An interesting topic.
Personally, unless I'm hunting with them, I don't really care how accurate the average hunter is.
For me, long-range shooting for me is only a means to an end. Banging steel is fun, but what what really makes me smile is shooting at an animal with confidence and I mean CONFIDENCE. I will be the first to admit I was a horrible (perhaps worse than average) hunter in my youth. Take a hopped up kid, give him an adult-size gun with adult-size recoil, point him at a deer, scream and shout at him to SHOOOOOOOOT, and what sort of groups do you think I was getting? I probably wounded and lost as many as I brought home. Strange how so few people admit ever having done this.
After one particularly bothersome experience I decided to either learn to do it right or stop hunting. I spent my mid-twenties to mid-thirties away from hunting, slaving away at work. When I emerged from that self imposed prison, I started shooting. A lot. I eventually learned to shoot my .300 Wby well, but it took a few thousand rounds, a new barrel, and a shoulder injection to actually master it. Then I discovered that little itty-bitty guns (.308 Win or .260 Rem) killed stuff just fine when you could put the bullet in the right place.
I totally agree about muzzle blast being more bothersome than recoil to the accuracy of most shooters. That's why I absolutely can't stand muzzle breaks. I've lost almost all high-frequency hearing in my left ear from this hobby. Give me a suppressor any day of the week. I feel bad for those who can't own them.
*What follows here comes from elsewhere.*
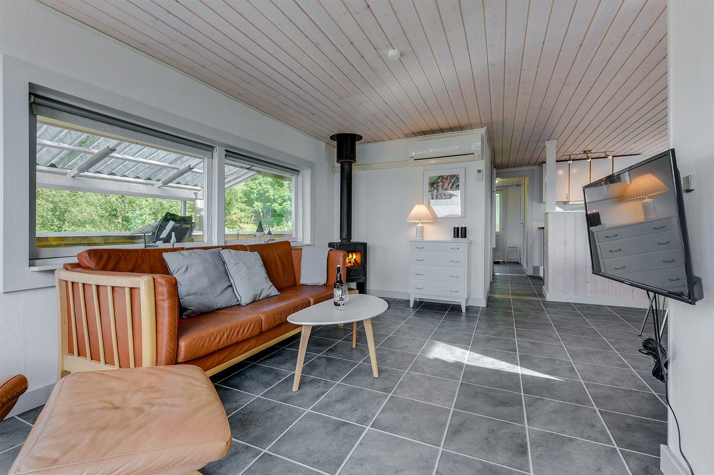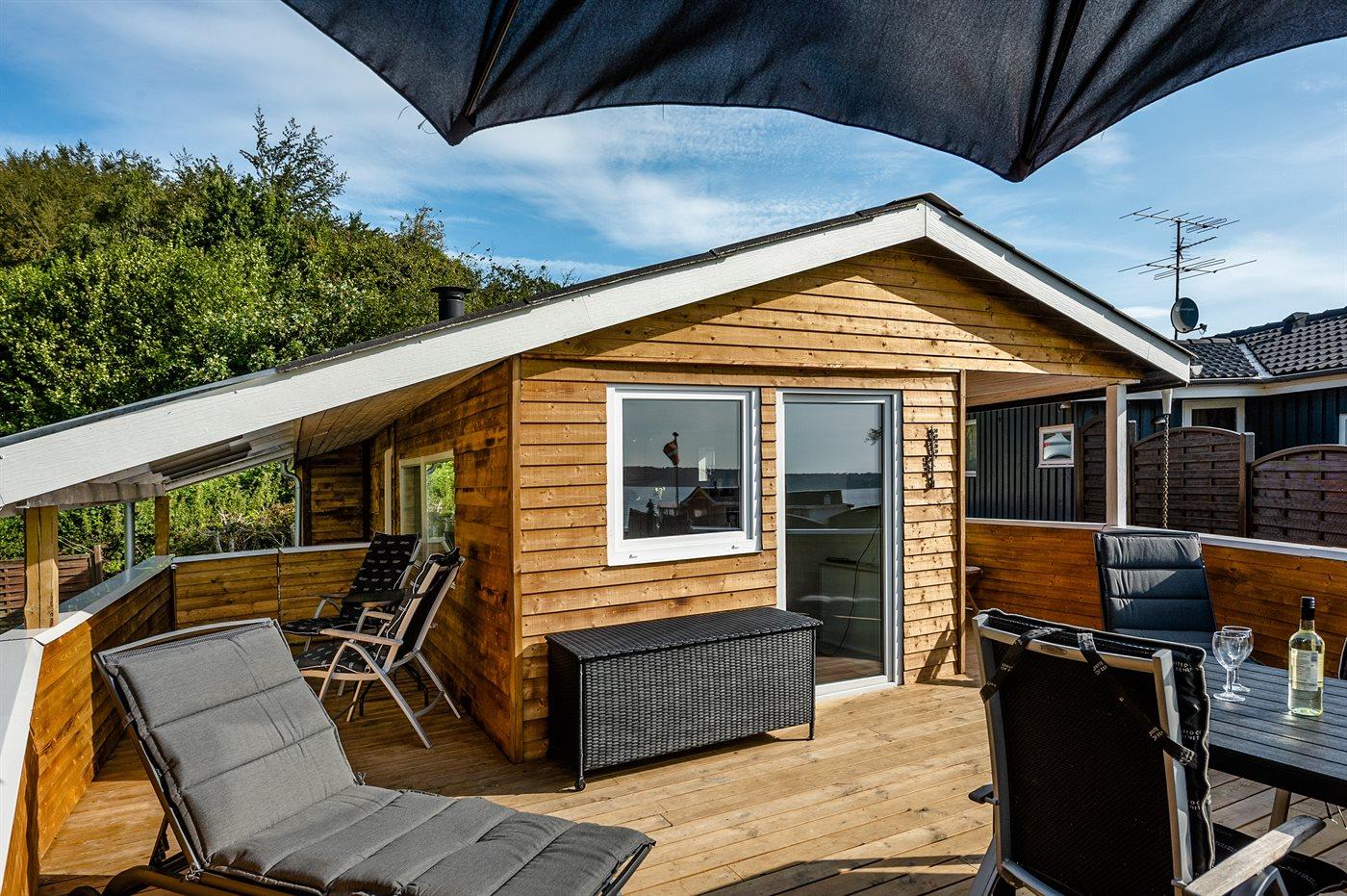 Flot nyrenoveret sommerhus med havudsigt og børnevenlig strand ved Genner Strand.

I can almost always put a cold first shot on steel these days at 600 yards and most of the time at 700 yards. It gets more difficult beyond that. There are people here who can easily shoot small groups at 1000 yards and my hat is off to them. Without exception they've paid the price to learn the craft. My comfort level on game depends on the animal and the situation, but I'm sometimes confident out to 500 or 600 yards. I passed a monster mulie a couple of years ago that I probably could have killed...... but that's how it goes.
Real-world results say it all. Since I started figuring this stuff out, I wounded and lost a waterbuck at about 300 yards. My notes say that was 26 critters ago, not counting 'yotes and 'chucks. In that time there were 6 over 500 yards, all within the last 4 years. I've also started hunting dangerous game, and I'll just make the comment that being able to precisely place one bullet from a .416 Rigby in the exact right spot at 40 yards from high sticks in field conditions requires just as much skill and practice as plunking steel at 800 yards off the bench. It's a whole lot more important too.